Saved entries:

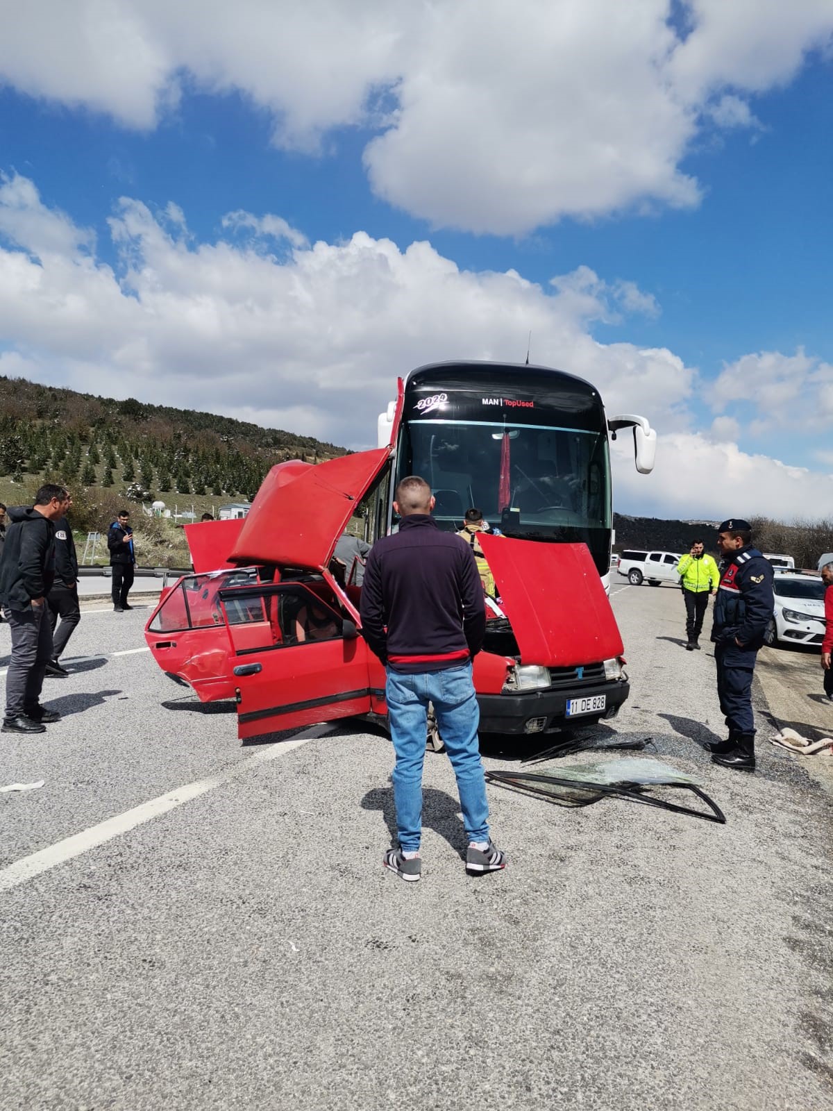 Bilecik'in Bozüyük ilçesinde yolcu otobüsü ile otomobilin çarpışması sonucu meydana gelen trafik kazasında 1 kişi
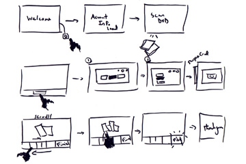 最早大家開(kāi)始討論用戶體驗(yàn)流程,在白板上邊畫(huà)流程邊添加粗略的UI元素。會(huì)后交互設(shè)計(jì)師會(huì)在在紙上做手繪版線框圖。這階段產(chǎn)品經(jīng)理、交互設(shè)計(jì)師、UI設(shè)計(jì)師、包括技術(shù)工程師會(huì)一同作大量的討論,而且主要討論的是流程和主要功能,因此手畫(huà)故事版最快最方便并易于修改的。
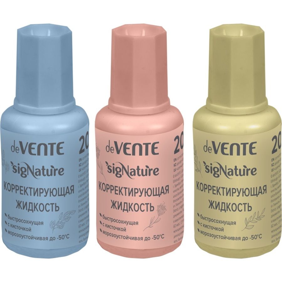 Корректирующая жидкость "deVENTE. sigNATURE" 20 мл, быстросохнущая, в бутылочке с кисточкой, цвета корпуса ассорти (оливковый, пудрово-розовый, сумеречный синий), в пластиковом поддоне
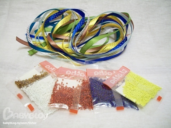 А к ним ленточки обалденные -буду для доче учится заколочки и резиночки.... А еще бисер - пригодится мне везде и в бижутерию, и плести, и вышивать
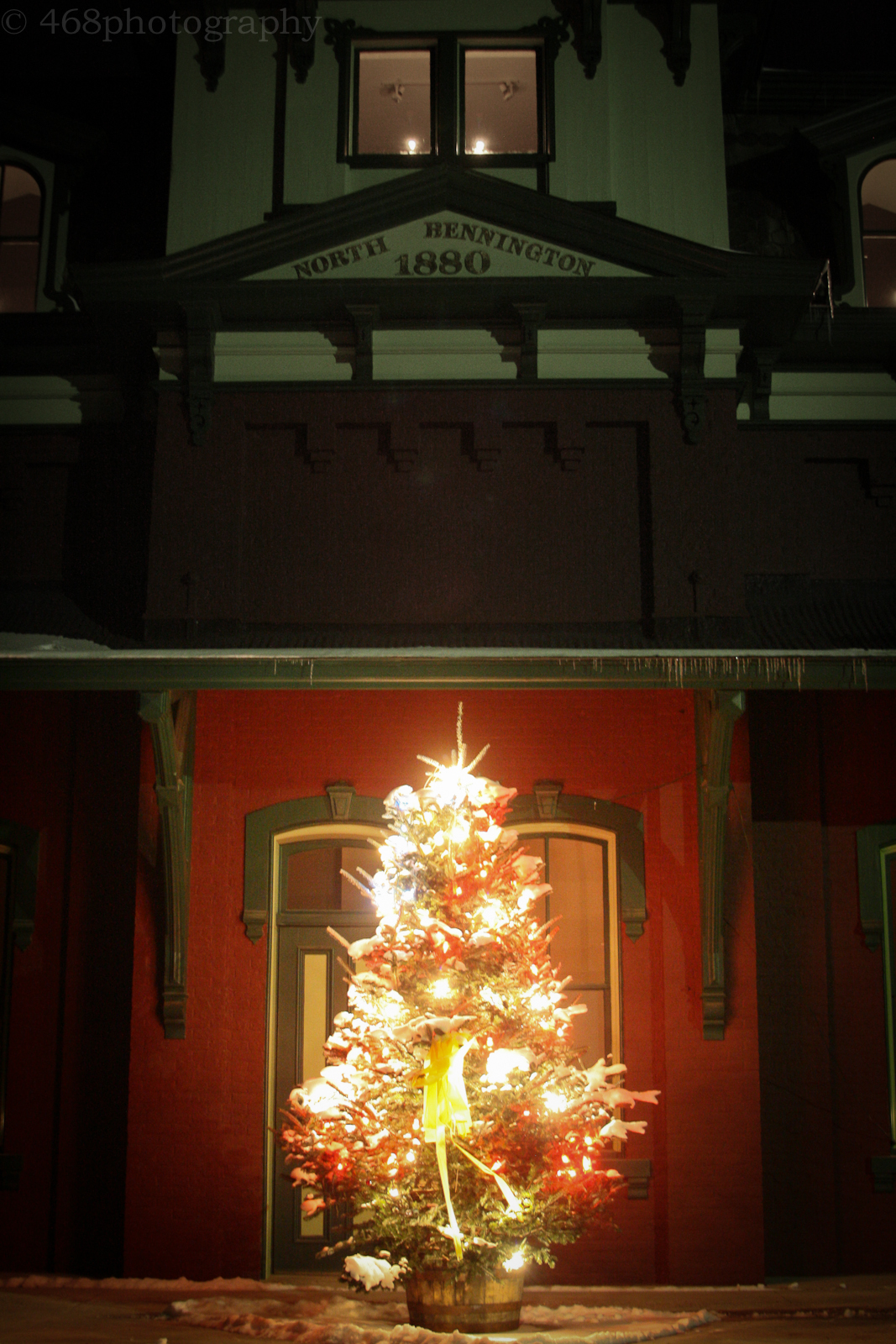 Tags Christmas, holiday, lights, North Bennington Station, tree
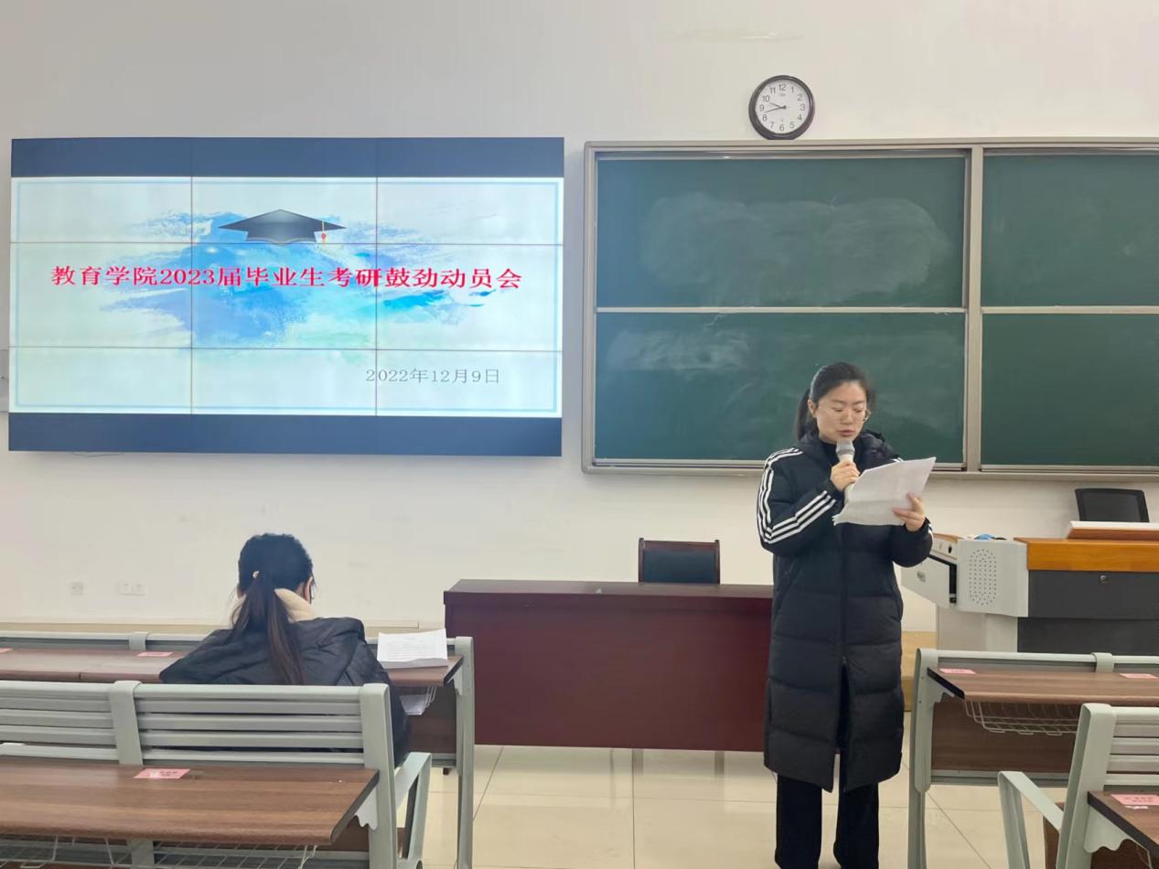 全力以赴促就业,扎扎实实抓考研,为促进同学们更好地了解考研知识,掌握考研方法,调整考研心态。12月9日上午,kaiyun开云官方在1号教学楼121教室召开2023届毕业生考研鼓劲动员会,会议由学院党委副书记孟向红主持,全院汉语言文学、英语、数学与应用数学、学前教育四个专业230余名考研的同学、2023届毕业生辅导员等参加了会议。
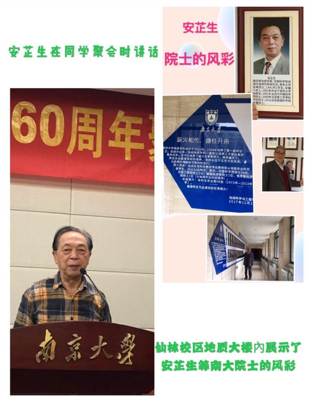 聚会期间,我和老伴到betway必威西仙林校区参观,为南大的发展、规模,创《双一流大学》而欢欣鼓舞,重点参观了《地球科学与工程学院大楼》(原地质系),在大厅瞻仰了徐克勤先生的塑像,在《院士风彩》栏驻足观看南大地质系33位院士的风彩,安芷生同学荣列榜中,我们为他的卓越成就而感到髙兴和荣耀!
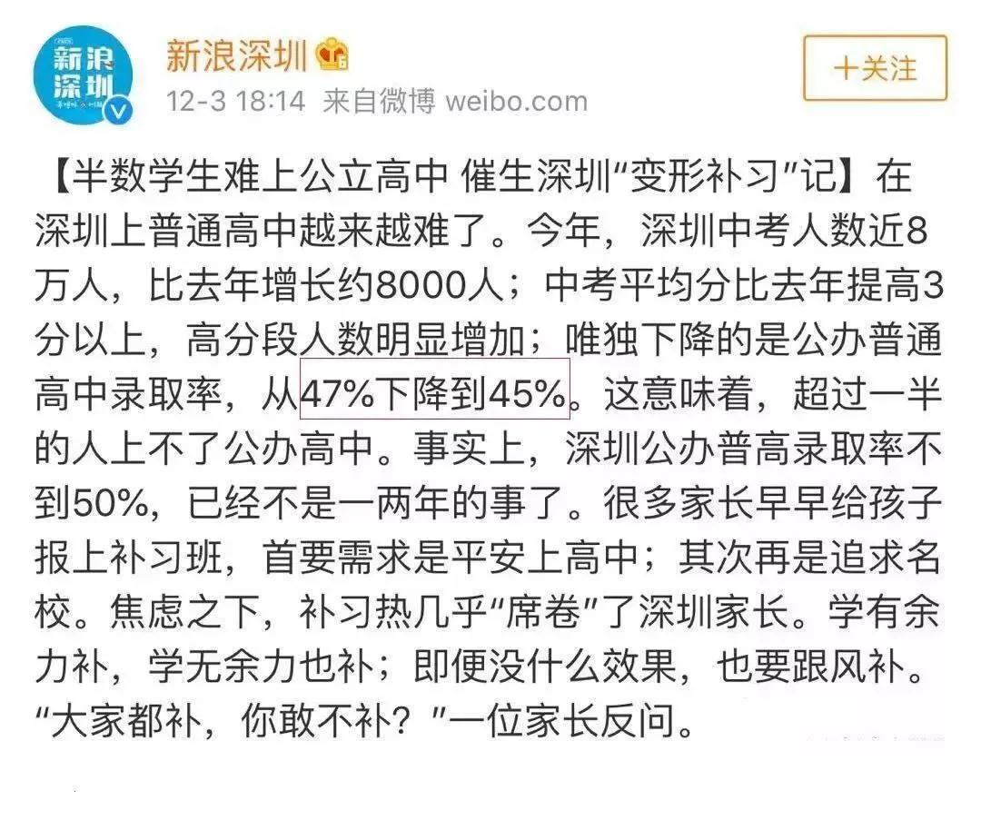 再来看看深圳高中录取率, 目前深圳的公办普通高中录取率,已经从47%下降到45%!
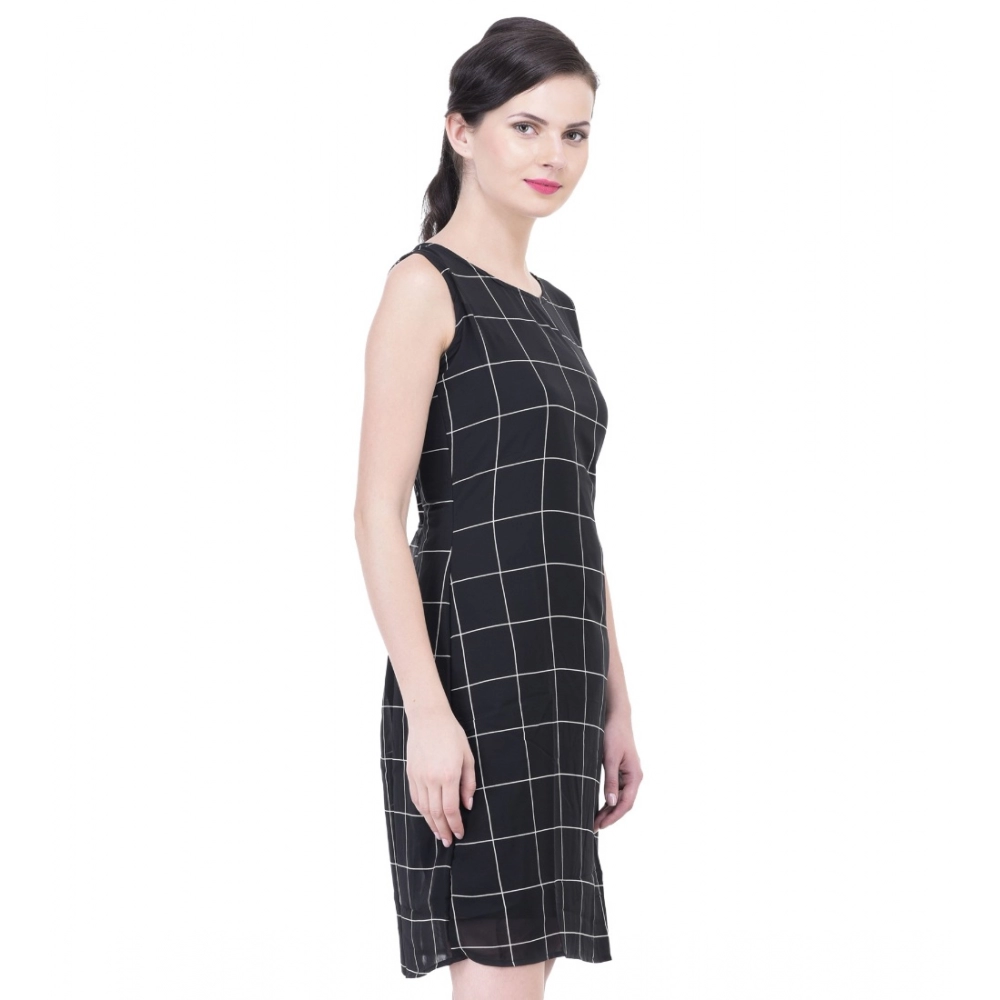 Women’s Cotton Blend Checked Sleeveless Sheath Dress

#### About this exercise:
No pictures belong in the copy. Retype exactly, and only, the lines from the line containing "全力以赴促就业,扎扎实实抓考" through the last line of the data, both included.

#### Task response:
 全力以赴促就业,扎扎实实抓考研,为促进同学们更好地了解考研知识,掌握考研方法,调整考研心态。12月9日上午,kaiyun开云官方在1号教学楼121教室召开2023届毕业生考研鼓劲动员会,会议由学院党委副书记孟向红主持,全院汉语言文学、英语、数学与应用数学、学前教育四个专业230余名考研的同学、2023届毕业生辅导员等参加了会议。
 聚会期间,我和老伴到betway必威西仙林校区参观,为南大的发展、规模,创《双一流大学》而欢欣鼓舞,重点参观了《地球科学与工程学院大楼》(原地质系),在大厅瞻仰了徐克勤先生的塑像,在《院士风彩》栏驻足观看南大地质系33位院士的风彩,安芷生同学荣列榜中,我们为他的卓越成就而感到髙兴和荣耀!
 再来看看深圳高中录取率, 目前深圳的公办普通高中录取率,已经从47%下降到45%!
 Women’s Cotton Blend Checked Sleeveless Sheath Dress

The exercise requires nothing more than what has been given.